Generally speaking, I reckon on common sense of the politicians. Ukraine’s image in the international arena is… to put it mildly, the same as it was during the 2004 elections. Let’s not aggravate the situation with grave scenarios. Everything will be calm. My word can be counted on.
— Is everything also calm in Crimea?
— Crimea, perhaps, is the only region causing worries. I am aware about a plan for the destabilization of the situation in the peninsula called “300 Spartans”. It was developed by a consultant of the Presidential Secretariat and proposes the organization of provocations directed against the Black Sea Fleet. These provocations are aimed at causing a chain reaction that might lead to unpredictable consequences. I hope that this dirty fudge will stay only on the paper.
The Internal Ministry is keeping a vigilant watch on the situation in Crimea and thoroughly selects ways to prevent provocations. Without exaggeration, much depends on our actions.
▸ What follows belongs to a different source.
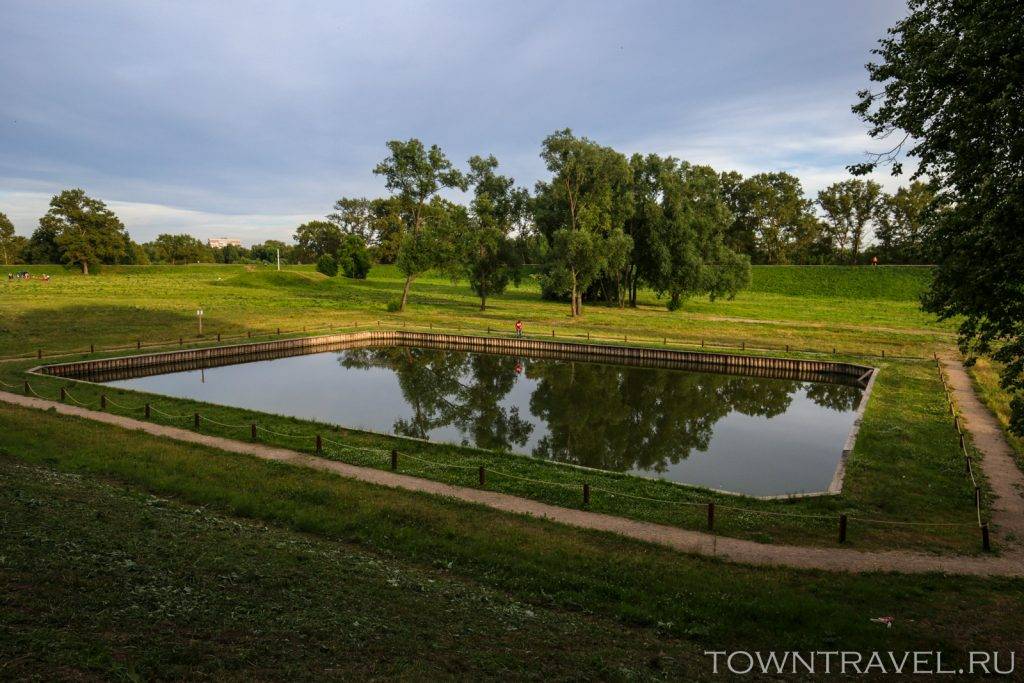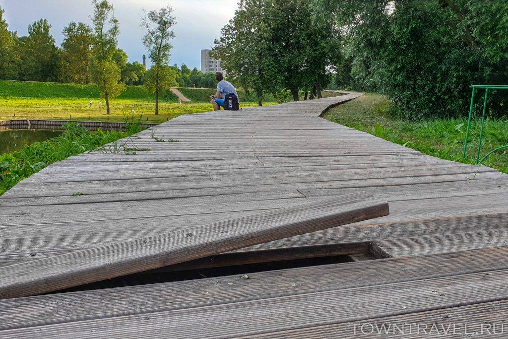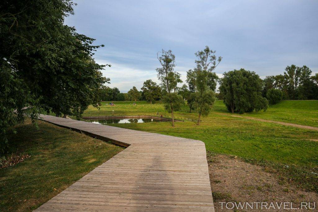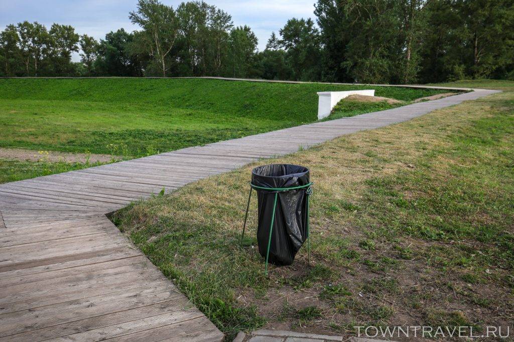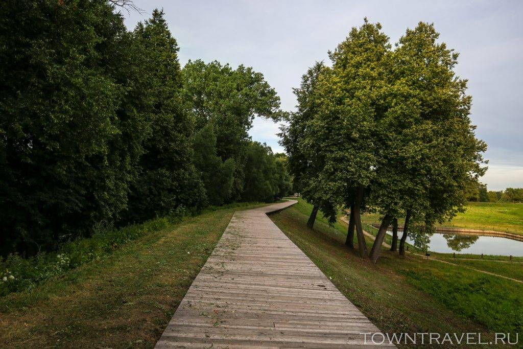 По верхушкам земляных валов проложены дощатые пешеходные дорожки.
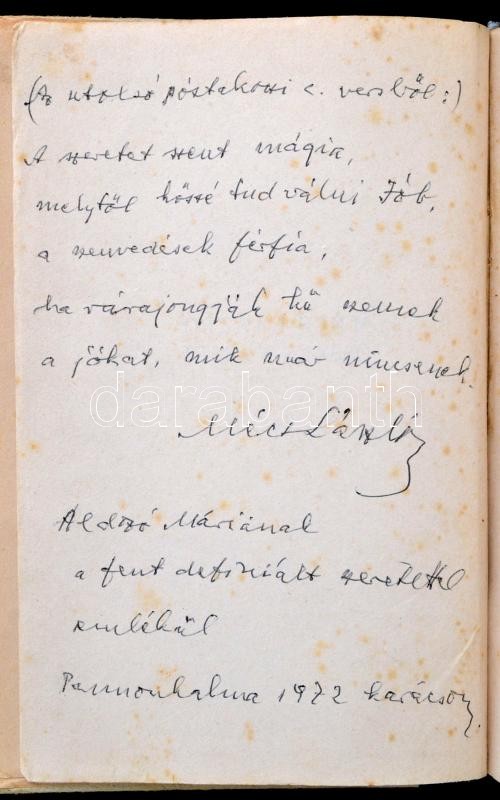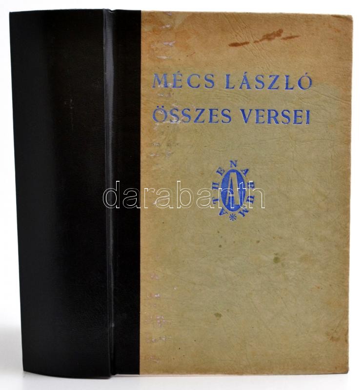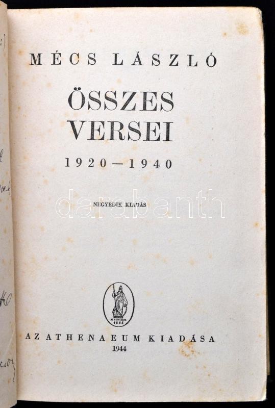 Mécs László összes versei 1920-1940. Bp., 1944, Athenaeum, 760 p. Negyedik kiadás. Javított, részben átkötött félműbőr-kötésben, néhány Mécs Lászlóról szóló újságcikkel. A szerző, Mécs László (1895-1978) szerzetes, költő, lapszerkesztő dedikációjával, dátumozva.

As an example. A lot of land plots in Crimea have been illegally appropriated by the Crimean Tatars. I just received a third letter from the Ministry of Justice with the order to re-establish the lawfulness in the peninsula with the help of militia forces, even though about five thousand radically disposed and resentful citizens will be unavoidably involved in this action.
What do I do? I propose to postpone this action until the resort season ends first, and then – until the political conflicts are settled. One of these days, we might receive a letter from the National Security and Defense Council ordering us to execute the corresponding court’s ruling immediately. From the judicial point of view, we are obliged to do this, however, from the political point of view – it would be a sheer madness. Everyone knows what this might cause.
My opinion is considering possible consequences, even representatives of the pro-Russian organizations should support my position, especially the Tatars, who were invited to Crimea and were promised that they would receive land whereas no land surveys were conducted and no plans or transparent rules for allotment of land plots were developed.
What should my reaction be at the recommendations to take away the land plots where lighthouses are situated from the Russians? It could be a perfect PR step within a hurrah-patriotic campaign. However, does anybody imagine the consequences?
The events in the Caucasus should have taught us a lot. The actions of both Russia and Georgia are unacceptable from the standpoints of law and morality. The USA doesn’t have the right to mediate on territorial integrity after its activities in Kosovo. And Russia shouldn’t vociferate about the people’s rights after Chechnya. However, they are great world powers employing double standards which are peculiar to their status.
In this situation, we have to make our own conclusions and develop our own policy based on the security of our citizens.
And what do we actually have today? Mr. Baloha conducts a dangerous policy of appeasement of separatists offering that the President sign a decree on decorating the speaker of the Crimean parliament and blocking the appointment of the full-fledged head of the Crimean militia.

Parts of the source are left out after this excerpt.